In all ANOVAs, MANOVA, and regression analyses, homogeneity of the variance was verified by examining the distribution of the residuals. Normality of the residuals was verified by examining the normal probability plot of the residuals [52]. To detect differences among levels within a factor (ANOVAs and MANOVA), we used Tukey HSD multiple comparison tests (comparisons based on least-square means) [47]. When a factor, or interaction between factors, was significant in the MANOVA, we examined the univariate model for the response variable to identify which one(s) contributed to the multivariate effect. This was done by conducting an ANOVA for the response variable with the same factors as in the MANOVA. The Pillai's trace multivariate statistic, which is more robust than other multivariate statistics to deviations from homoscedasticity and normality of the residuals, as well as more conservative with small and uneven sample sizes, was used in the MANOVA to determine which factor(s) with more than two levels was statistically significant [49]. Because we could not presume of the absence or presence of synergistic effects between explanatory variables, all multiple linear regression analyses were conducted using the multiplicative error model approach, which tests for individual and interactive effects of the explanatory variables [53]. Accordingly, when interactive effects were not significant, we presented models with individual effects of only those explanatory variables that were significant in the truncated model. A significance level of 0.05 was used. All analyses were conducted with JMP 7.0 and Minitab 16.2.4.

Experiment 1

Inspection of data from Experiment 1 suggested that individual urchin feeding on kelp varied with body size among the six temperature treatments (Fig. 2). Feeding generally increased across the 3–12°C range in both small and large urchins. However, it was 2.5 (9°C) to 3.3 (12°C) times higher in large than small urchins for a given temperature, and peaked to 1424 (±120, SE) mg kelp urchin^-1 day^-1 in large urchins at 12°C (Fig. 2). Increasing temperature above 12°C negatively affected large urchins as shown by the 62% and 91% drops in feeding from 12°C to 15°C, and from 15°C to 18°C, respectively, i.e. a difference of two orders of magnitude between 12°C and 18°C (Fig. 2). Feeding in small urchins at 15 and 18°C was comparable to that in large urchins, while remaining as low (<432 [±59] mg kelp urchin^-1 day^-1) as that in small urchins at any of the other temperatures (Fig. 2).

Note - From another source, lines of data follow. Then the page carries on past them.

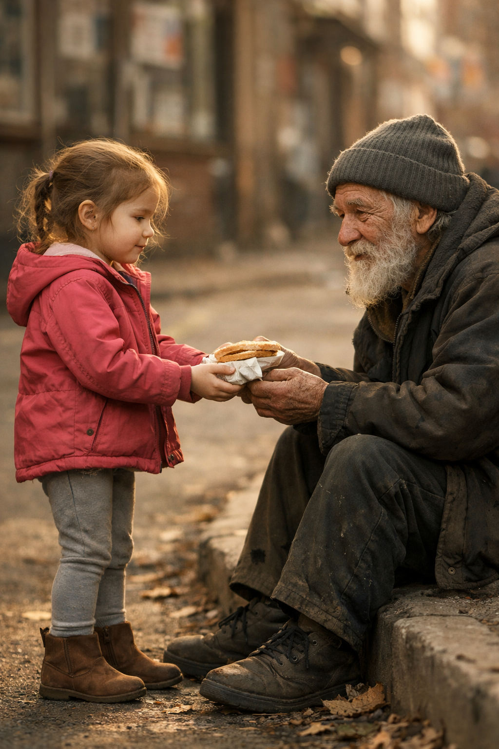 «Sembrava molto, molto affamato, papà», rispose la bambina semplicemente, senza ombra di dubbio o rimprovero nella voce. «Aveva degli occhi così gentili, ma molto stanchi. E gli tremavano le mani. Ho pensato che il mio panino potesse aiutarlo un po’, perché io avrò tanti altri pranzi gustosi, e lui potrebbe non avere nulla.»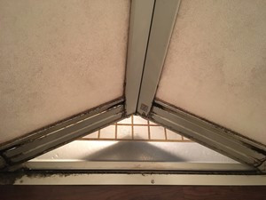 お風呂の扉。写真のようにカビで黒くなり、扉のレールには水垢の塊ができてしまい市販の洗剤では取れなくなってしまったお家をよく見ます。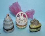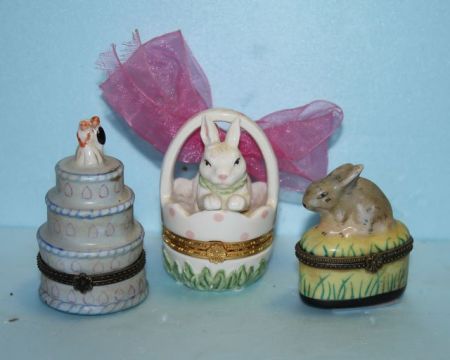 Three Pill Boxes, rabbits 1 1/2" x 2", wedding cake Three Pill Boxes, rabbits 1 1/2" x 2", wedding cake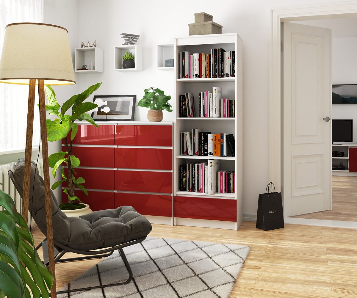 Regál má štyri police a v dolnej časti jednu priestrannú zásuvku. Korpus nábytku je vyrobený z laminovanej dosky odolnej proti oderu a mechanickému poškodeniu v bielej farbe. Čelo zásuvky je vyrobené z lakovanej MDF dosky s vysokým leskom v krásnom odtieni červenej. Regál vyzerá veľmi efektne a hodí sa do interiérov zariadených v modernom štýle. Zaujímavá kombinácia klasickej bielej a hlbokej červenej farby robí nábytok, aj keď jednoduchý, originálnym a priťahuje pozornosť. Červeno-biely regál možno použiť na knihy, šanóny s dokumentmi, dekoratívne krabice na drobnosti alebo na fotoalbumy. Nábytok má natoľko univerzálne použitie, že môže rovnako dobre doplniť vybavenie firemnej kancelárie, ako aj študentskej izby alebo domácej pracovne. Regál možno ľahko udržiavať v dokonalej čistote utieraním políc a čela vlhkou handričkou. Nábytok sa vyznačuje starostlivým spracovaním a dokonalým zakončením hrán trvanlivou a estetickou ABS hranou.
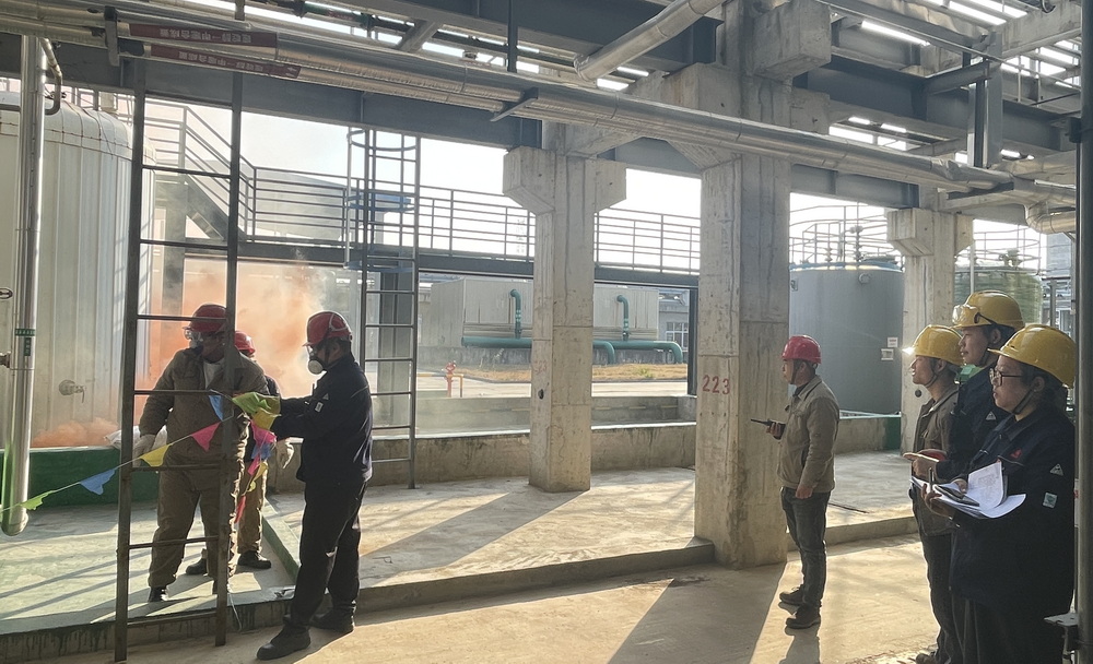 此次演练摒弃了“制定演练脚本、程序化演练”的传统形式,由公司安全生产主管领导及安环、生产、技术、车间相关人员等组成的评委团,开展“流动式”的现场突击考评,前往丁硫车间、甲嘧车间、环保车间、动力车间及分析检测中心,每到一个班组,由该班组负责人现场随机抽取应急处置课题后便当场宣布演练开始。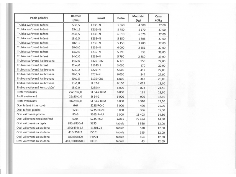 Zabýváme se velkoprodejem hutního materiálu se zaměřením na ocelové svařované přesné trubky kalibrované a tažené, uzavřené profily různých průřezů v provedení svařovaném a taženém (z pásky válcované za studena popř. teplé mořené pásky dle DIN 2394 a DIN 2395) a taženou ocel. Dle potřeby zákazníka a na konkrétní zakázku jsme schopni dodat také ocel válcovanou za studena a za tepla, ve svitcích nebo v tabulích.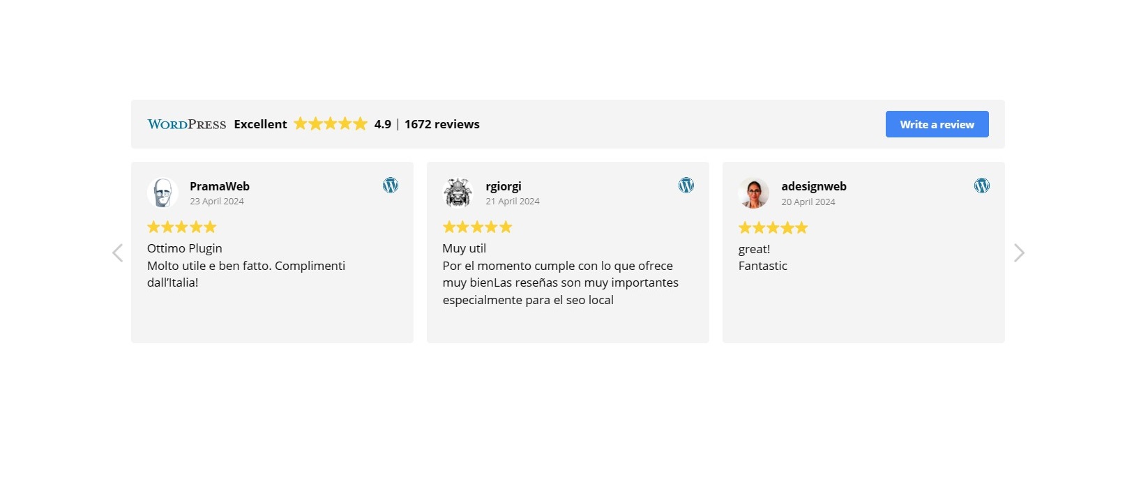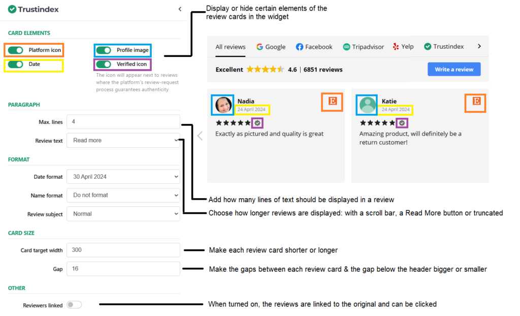 - Modify basically any visual element of the review widget: colors, fonts, padding, etc.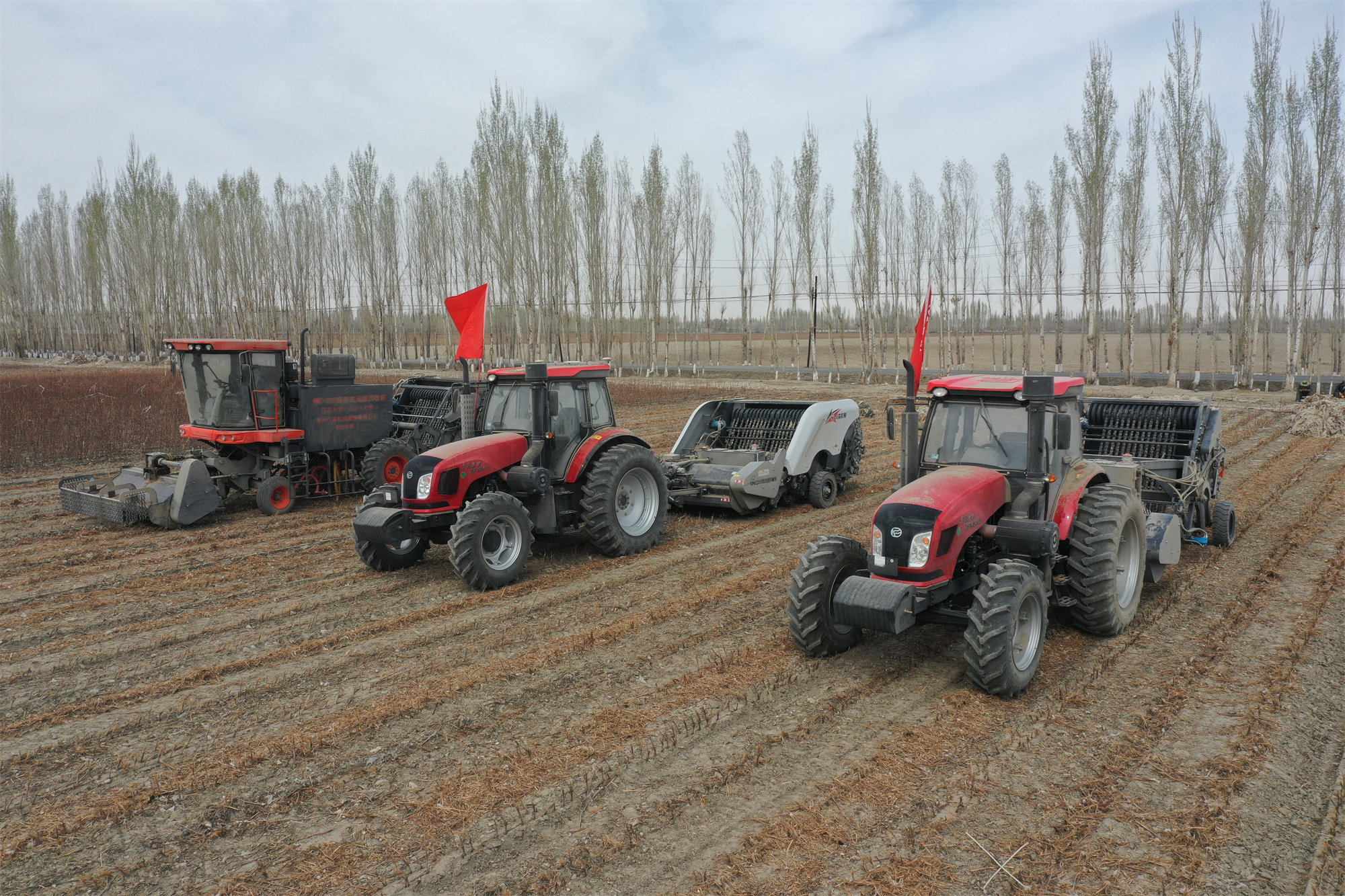 团队研发的秸秆粉碎还田残膜回收机在新疆沙湾县作业 受访者供图

Piecewise and multiple linear regressions revealed a temperature breakpoint of 12.0 (±1.1)°C, below and above which urchin feeding was respectively positively and negatively correlated with temperature and body size (Table 1). The mean feeding rate of urchins exposed to the warmest temperature treatments, 15°C and 18°C, and previously maintained in the holding tanks at temperatures ≤6°C below their temperature treatment (242.3±51.1 mg kelp urchin^-1 day^-1), was similar to that of urchins exposed to the 15°C and 18°C treatments and previously maintained at temperatures >6°C below their temperature treatment, 218.3±101.9 mg kelp urchin^-1 day^-1 (randomization test; p = 0.365). Thermal shock, if present, was therefore unlikely to cause the drop in feeding rates above 12°C.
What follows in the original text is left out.